All confederate monuments in Jacksonville, Florida, will soon be taken down, Mayor Lenny Curry said Tuesday at a protest outside City Hall.
“I hear you,” the mayor told demonstrators prior to the march that was organized by Leonard Fournette of the Jacksonville Jaguars, according to Action News Jax.
“Yesterday, there was a Confederate monument in the park. Today, it’s gone, and the others in this city will be removed as well,” he said.
Curry added that he was in conversation with the Cultural Council about where the monuments would be placed and had been thinking about the removal for “some time.”
“We’ve got to find a way to come together. We’re not going to agree on everything — that’s just not human history, human nature. We’ve got to find common ground,” he continued.
Saturday, Curry tweeted that these were serious times and leaders would be remembered for how they acted:
Tuesday morning, officials removed a confederate soldier monument from Jacksonville’s Hemming Park that was placed there in 1898, according to First Coast News.

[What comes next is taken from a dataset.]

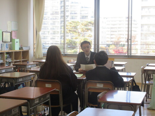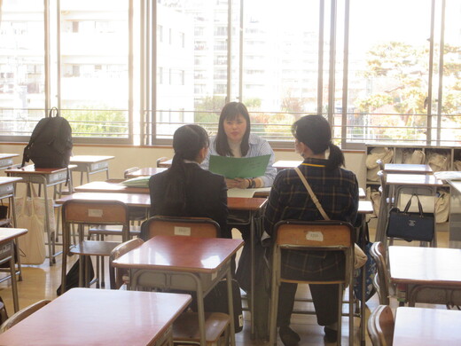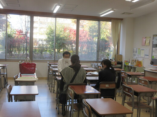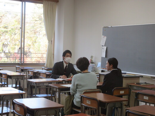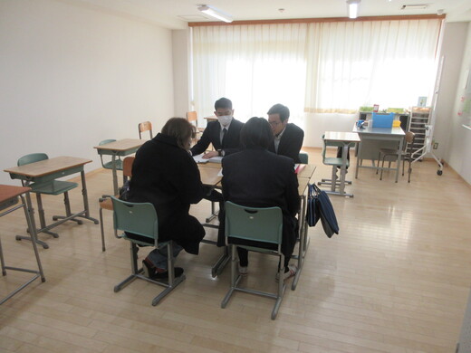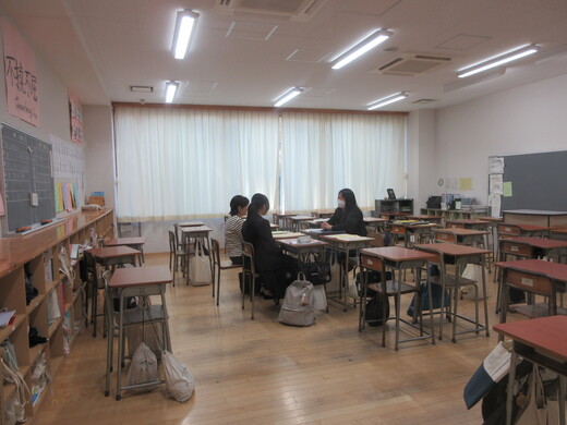 2学期の様子や次年度に向けてなど、担任が生徒と保護者の方とお話しています。3年生は、進路先、受験方法などの最終確認も行っています。今後も何かご心配なことがありましたら、いつでも遠慮なくご相談ください。
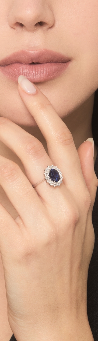 Bague en or blanc 18k avec un saphir bleu ovale MM9X7

“The monument, one of the few things downtown that survived the Great Fire of Jacksonville, has been removed amid the protests and rallies across the country after the death of George Floyd,” the article read.
Later, Seber Newsome, a member of Save Our Heritage Florida, expressed disagreement with the decision to pull the statue down and said there was “nothing in that monument that promotes slavery.”
“It talks to the soldier of Florida. American veterans. Confederate veterans. Our veterans. My ancestors did not own one slave,” Newsome explained.
Despite some pushback, former President of the City Council Anna Lopez Brosche praised Curry’s decision and said the city could “begin the process of healing.”
“I appreciate Mayor Lenny Curry’s executive action to remove the Confederate monument from Hemming Park, and I am grateful for this day in Jacksonville,” she wrote in a statement.